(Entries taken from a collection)
********************
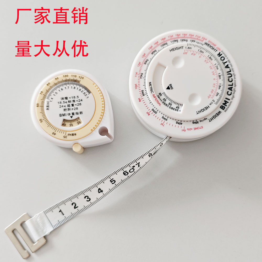 工場直送 丸型BMI巻尺 プラスチック製伸縮式健康巻尺 腰囲測定器 輸出入向け人気商品
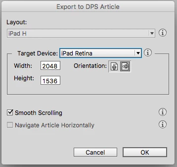 brobeldesign tip did work. When you export out of indesign, depending your final display size your going for, Im working specifically with iPad retina. I exported with the standard iPad retina dimension option with smooth scrolling selected a and this works.
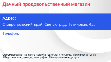 Дачный, продовольственный магазин по адресу Ставропольский край, Светлоград, Тутиновая, 45а в дальнейшем Организация, размещена в следующих категориях:
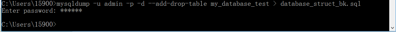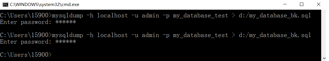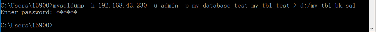 xxxxxxxxxxC:\Users\15900>mysqldump -h 192.168.43.230 -u admin -p my_database_test > d:/my_database_bk2.sqlEnter password: ******同样生成了目标文件。
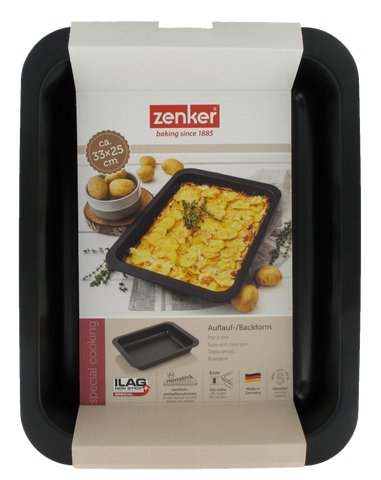 Zenker vous propose ce plat à four de forme rectangle vous permettant de cuire des plats au four tels qu'un gratin dauphinois, un gratin de chou fleur, un gratin de courgettes, des lasagnes etc. Les bords hauts du plat servent à garder la sauce de vos plats en sauce comme le poulet, la dinde, la palette à la diable etc.
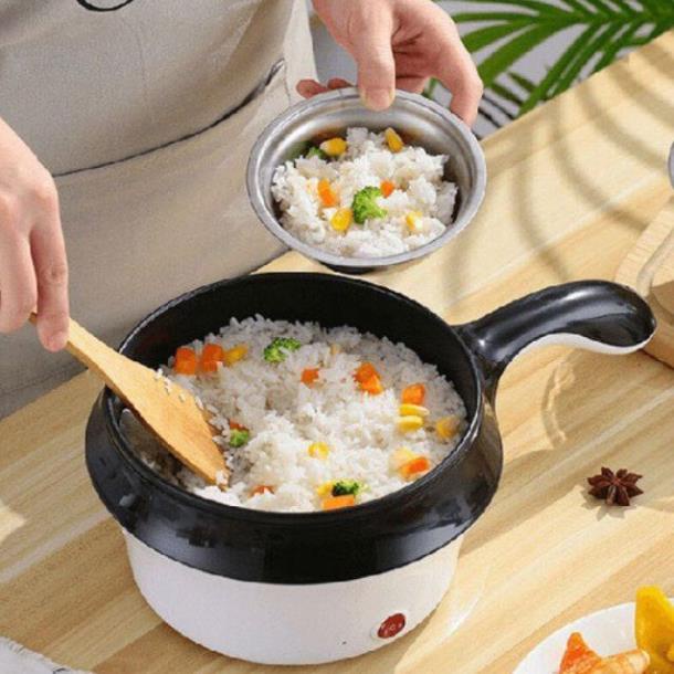 NỒI ĐIỆN CHẢO TAY CẦM MINI ĐA NĂNG:sản phẩm nồi điện mini 2 tầng thích hợp Nấu lẩu, nấu canh, xào rau, nấu mỳ... kiểu dáng gọn nhẹ, dễ dàng đặt trên bàn ăn, không chiếm nhiều diện tích.
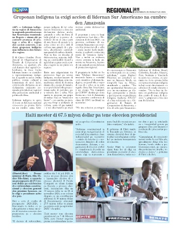 y representantenan indige- proteccion legal pa tereno rum “Dialogo Amazonico” nidadnan,” segun Raphael Peru, Surinam y Venezuela
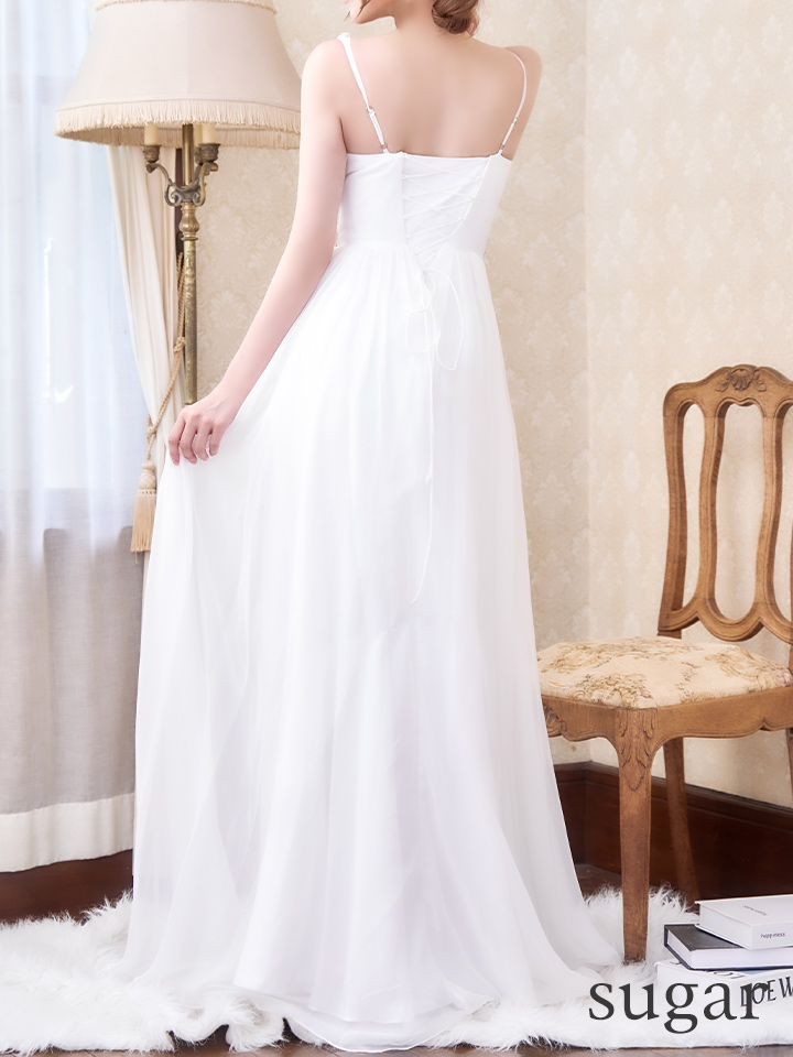 Lサイズあり【JEAN MACLEAN/ジャンマクレーン】ビジュー刺繍/ シフォン/ ノースリーブ/ スリット/ Aライン/ フレア/ ロング/ キャバドレス long【HC02】
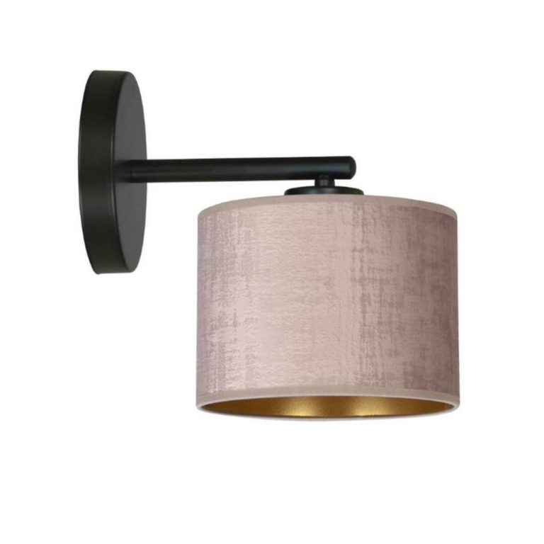 Lampa ścienna Wendy to polski produkt, który wykonano z najwyższą starannością i w oparciu o najnowsze trendy z branży oświetleniowej. Model ten składa się z prostej, ale bardzo stylowej konstrukcji: metalowego stelaża montowanego do ściany oraz wspomnianego już abażuru o cylindrycznym kształcie. Klosz wykonano z tkaniny w kolorze pudrowego różu. Jego wewnętrzna strona przepięknie połyskuje na złoto. Średnica abażuru wynosi 18 cm, a wysokość 16 cm (cała lampa ma wysokość 24 cm).
********************
THE PROBLEM » Reproduce exactly, and only, the part of the entries above that runs from the line with "Zenker vous propose" to the last line, both included. Pictures stay out.

FINISHED EXERCISE »
 Zenker vous propose ce plat à four de forme rectangle vous permettant de cuire des plats au four tels qu'un gratin dauphinois, un gratin de chou fleur, un gratin de courgettes, des lasagnes etc. Les bords hauts du plat servent à garder la sauce de vos plats en sauce comme le poulet, la dinde, la palette à la diable etc.
 NỒI ĐIỆN CHẢO TAY CẦM MINI ĐA NĂNG:sản phẩm nồi điện mini 2 tầng thích hợp Nấu lẩu, nấu canh, xào rau, nấu mỳ... kiểu dáng gọn nhẹ, dễ dàng đặt trên bàn ăn, không chiếm nhiều diện tích.
 y representantenan indige- proteccion legal pa tereno rum “Dialogo Amazonico” nidadnan,” segun Raphael Peru, Surinam y Venezuela
 Lサイズあり【JEAN MACLEAN/ジャンマクレーン】ビジュー刺繍/ シフォン/ ノースリーブ/ スリット/ Aライン/ フレア/ ロング/ キャバドレス long【HC02】
 Lampa ścienna Wendy to polski produkt, który wykonano z najwyższą starannością i w oparciu o najnowsze trendy z branży oświetleniowej. Model ten składa się z prostej, ale bardzo stylowej konstrukcji: metalowego stelaża montowanego do ściany oraz wspomnianego już abażuru o cylindrycznym kształcie. Klosz wykonano z tkaniny w kolorze pudrowego różu. Jego wewnętrzna strona przepięknie połyskuje na złoto. Średnica abażuru wynosi 18 cm, a wysokość 16 cm (cała lampa ma wysokość 24 cm).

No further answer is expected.